→ WHAT THE TASK ASKS: Would you transcribe the records below from the line with "Edytor tapety: Zachodzące" to the line with "Beautiful headpiece laid", ends included, exactly and with nothing more, leaving the pictures out?

→ DATASET:
--- START ---

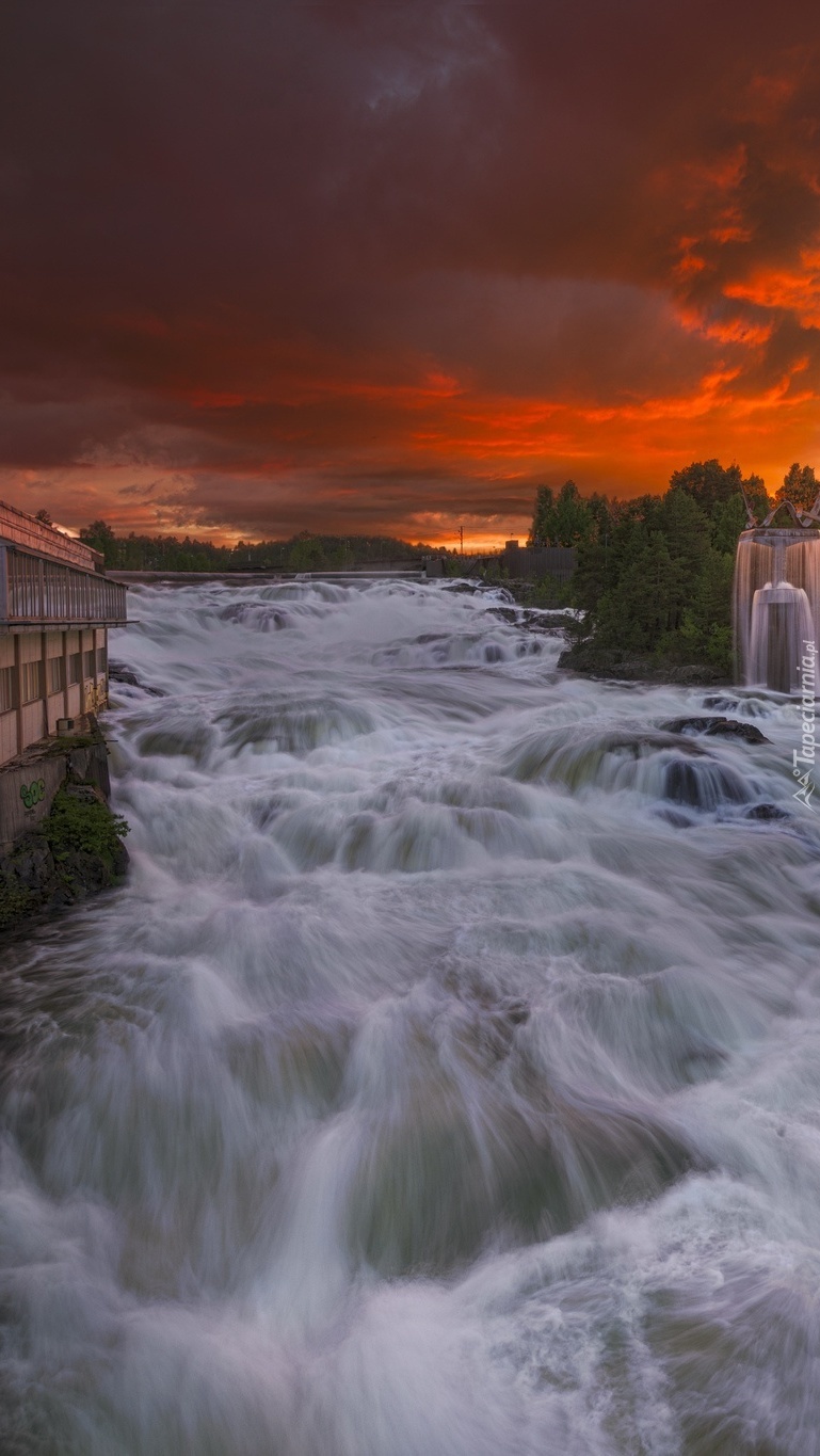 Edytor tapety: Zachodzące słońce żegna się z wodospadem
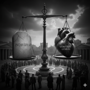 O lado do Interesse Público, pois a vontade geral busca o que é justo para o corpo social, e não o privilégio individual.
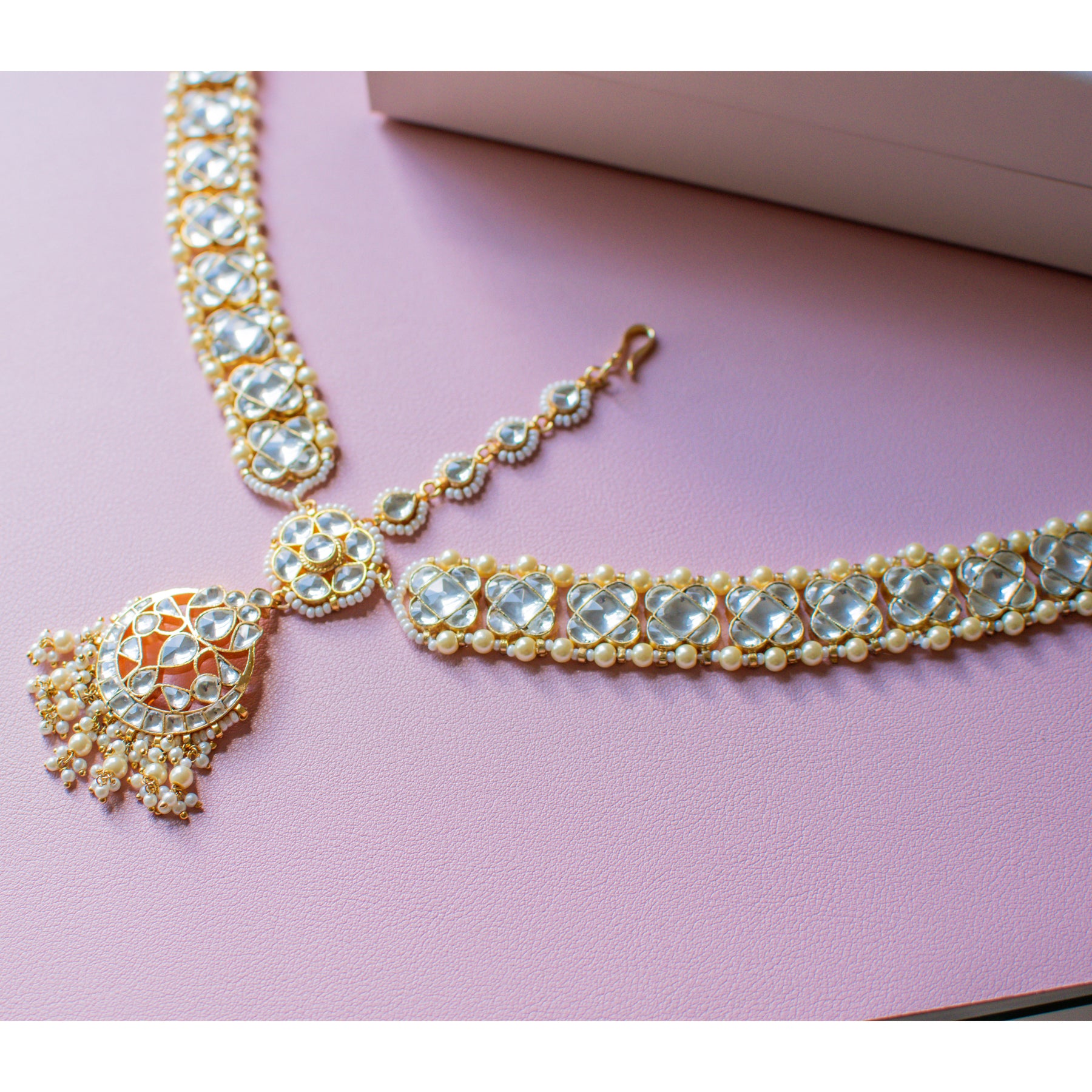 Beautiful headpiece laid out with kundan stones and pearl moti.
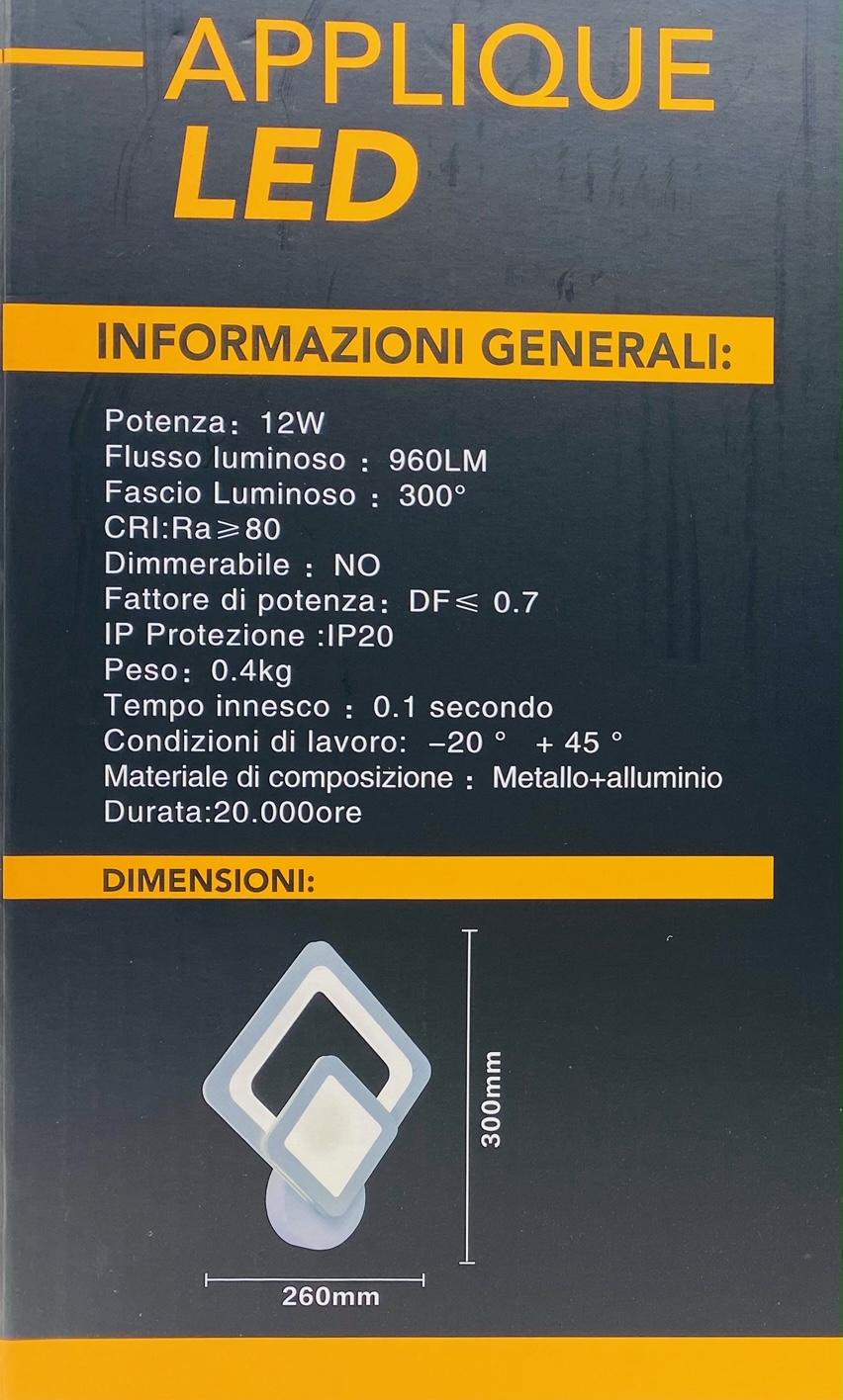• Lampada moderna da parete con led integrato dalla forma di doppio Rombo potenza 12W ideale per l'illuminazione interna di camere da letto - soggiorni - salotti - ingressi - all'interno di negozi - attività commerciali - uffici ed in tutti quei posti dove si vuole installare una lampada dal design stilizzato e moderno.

--- END ---
--- START ---

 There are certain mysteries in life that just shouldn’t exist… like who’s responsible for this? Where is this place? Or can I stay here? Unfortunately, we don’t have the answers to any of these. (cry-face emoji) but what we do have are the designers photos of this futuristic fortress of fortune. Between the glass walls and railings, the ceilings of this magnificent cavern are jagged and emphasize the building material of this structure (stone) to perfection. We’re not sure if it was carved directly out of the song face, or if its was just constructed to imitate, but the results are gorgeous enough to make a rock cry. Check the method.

--- END ---

→ EXERCISE SOLUTION:
 Edytor tapety: Zachodzące słońce żegna się z wodospadem
 O lado do Interesse Público, pois a vontade geral busca o que é justo para o corpo social, e não o privilégio individual.
 Beautiful headpiece laid out with kundan stones and pearl moti.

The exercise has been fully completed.